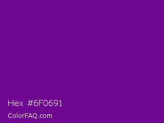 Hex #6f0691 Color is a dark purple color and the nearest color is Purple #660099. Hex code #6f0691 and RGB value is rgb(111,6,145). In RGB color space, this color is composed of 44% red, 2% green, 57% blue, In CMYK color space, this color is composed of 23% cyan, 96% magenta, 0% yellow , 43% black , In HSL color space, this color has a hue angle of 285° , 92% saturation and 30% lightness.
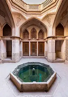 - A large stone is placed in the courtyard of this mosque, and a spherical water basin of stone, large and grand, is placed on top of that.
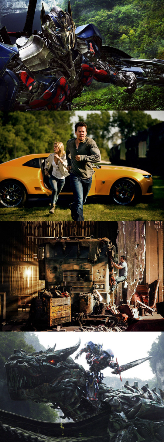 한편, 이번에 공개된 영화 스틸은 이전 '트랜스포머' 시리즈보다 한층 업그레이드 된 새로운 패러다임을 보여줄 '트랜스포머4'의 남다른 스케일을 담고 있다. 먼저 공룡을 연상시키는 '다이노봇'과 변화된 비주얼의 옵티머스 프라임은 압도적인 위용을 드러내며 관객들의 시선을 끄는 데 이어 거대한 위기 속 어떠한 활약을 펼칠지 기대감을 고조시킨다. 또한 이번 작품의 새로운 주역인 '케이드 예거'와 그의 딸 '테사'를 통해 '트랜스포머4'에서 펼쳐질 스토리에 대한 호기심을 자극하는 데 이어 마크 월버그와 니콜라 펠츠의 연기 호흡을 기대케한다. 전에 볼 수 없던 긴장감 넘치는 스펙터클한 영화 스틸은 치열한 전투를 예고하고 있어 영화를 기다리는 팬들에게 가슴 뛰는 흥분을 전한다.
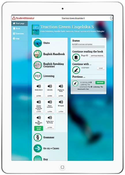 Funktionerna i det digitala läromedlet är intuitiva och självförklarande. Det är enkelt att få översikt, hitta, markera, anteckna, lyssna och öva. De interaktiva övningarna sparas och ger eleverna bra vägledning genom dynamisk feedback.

■ ■ ■ ■ ■ ■ ■

Work order = Could the lines from the one with "한편, 이번에 공개된" through the last line of the material above be written out exactly, both included, with pictures left out?

Exercise result =
 한편, 이번에 공개된 영화 스틸은 이전 '트랜스포머' 시리즈보다 한층 업그레이드 된 새로운 패러다임을 보여줄 '트랜스포머4'의 남다른 스케일을 담고 있다. 먼저 공룡을 연상시키는 '다이노봇'과 변화된 비주얼의 옵티머스 프라임은 압도적인 위용을 드러내며 관객들의 시선을 끄는 데 이어 거대한 위기 속 어떠한 활약을 펼칠지 기대감을 고조시킨다. 또한 이번 작품의 새로운 주역인 '케이드 예거'와 그의 딸 '테사'를 통해 '트랜스포머4'에서 펼쳐질 스토리에 대한 호기심을 자극하는 데 이어 마크 월버그와 니콜라 펠츠의 연기 호흡을 기대케한다. 전에 볼 수 없던 긴장감 넘치는 스펙터클한 영화 스틸은 치열한 전투를 예고하고 있어 영화를 기다리는 팬들에게 가슴 뛰는 흥분을 전한다.
 Funktionerna i det digitala läromedlet är intuitiva och självförklarande. Det är enkelt att få översikt, hitta, markera, anteckna, lyssna och öva. De interaktiva övningarna sparas och ger eleverna bra vägledning genom dynamisk feedback.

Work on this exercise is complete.